#### [What the task requires]
Without including any pictures, give back all of the data exactly.

#### [Recorded information]
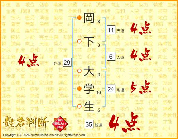 岡下大学生さんの総運は35画の4点!
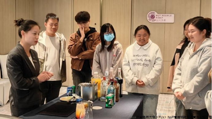 活动尾声的调酒教学“彩蛋”,为实践课堂增添了更多趣味。酒店大堂吧副经理江露露女士现场演示鸡尾酒调制技艺,从基酒选择到色彩搭配,每一步讲解清晰生动,颜值与口感兼具的鸡尾酒瞬间俘获同学们的关注。在江女士的指导下,同学们纷纷动手尝试,亲手调配专属鸡尾酒,在实践中感受酒店餐饮服务的创意与魅力,现场充满欢声笑语。
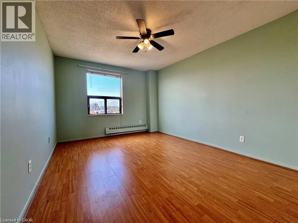 Block Line Rd to Courtland Ave UTILITIES INCLUDED! This bright, carpet-free 2-bedroom condo is move-in ready. Situated on the 8th floor of a recently renovated building, the unit enjoys abundant natural light thanks to its southwest exposure and features a spacious balcony, perfect for relaxing or entertaining. The main bathroom includes a custom safety tub. Both bedrooms offer generous floor-to-ceiling closets, while the Primary Bedroom also includes a newly added wardrobe with custom shelving and drawers for extra storage. Building amenities include an outdoor swimming pool, exercise room, party room, and sauna. The location is unbeatable, just steps from the LRT and close to Fairview Mall, grocery stores, shopping, schools, parks, banks, and with easy access to Highway 8 and the 401. Monthly rent includes heat, hydro, water, and one parking spot. (id:27476)

#### [Answer area]
 岡下大学生さんの総運は35画の4点!
 活动尾声的调酒教学“彩蛋”,为实践课堂增添了更多趣味。酒店大堂吧副经理江露露女士现场演示鸡尾酒调制技艺,从基酒选择到色彩搭配,每一步讲解清晰生动,颜值与口感兼具的鸡尾酒瞬间俘获同学们的关注。在江女士的指导下,同学们纷纷动手尝试,亲手调配专属鸡尾酒,在实践中感受酒店餐饮服务的创意与魅力,现场充满欢声笑语。
 Block Line Rd to Courtland Ave UTILITIES INCLUDED! This bright, carpet-free 2-bedroom condo is move-in ready. Situated on the 8th floor of a recently renovated building, the unit enjoys abundant natural light thanks to its southwest exposure and features a spacious balcony, perfect for relaxing or entertaining. The main bathroom includes a custom safety tub. Both bedrooms offer generous floor-to-ceiling closets, while the Primary Bedroom also includes a newly added wardrobe with custom shelving and drawers for extra storage. Building amenities include an outdoor swimming pool, exercise room, party room, and sauna. The location is unbeatable, just steps from the LRT and close to Fairview Mall, grocery stores, shopping, schools, parks, banks, and with easy access to Highway 8 and the 401. Monthly rent includes heat, hydro, water, and one parking spot. (id:27476)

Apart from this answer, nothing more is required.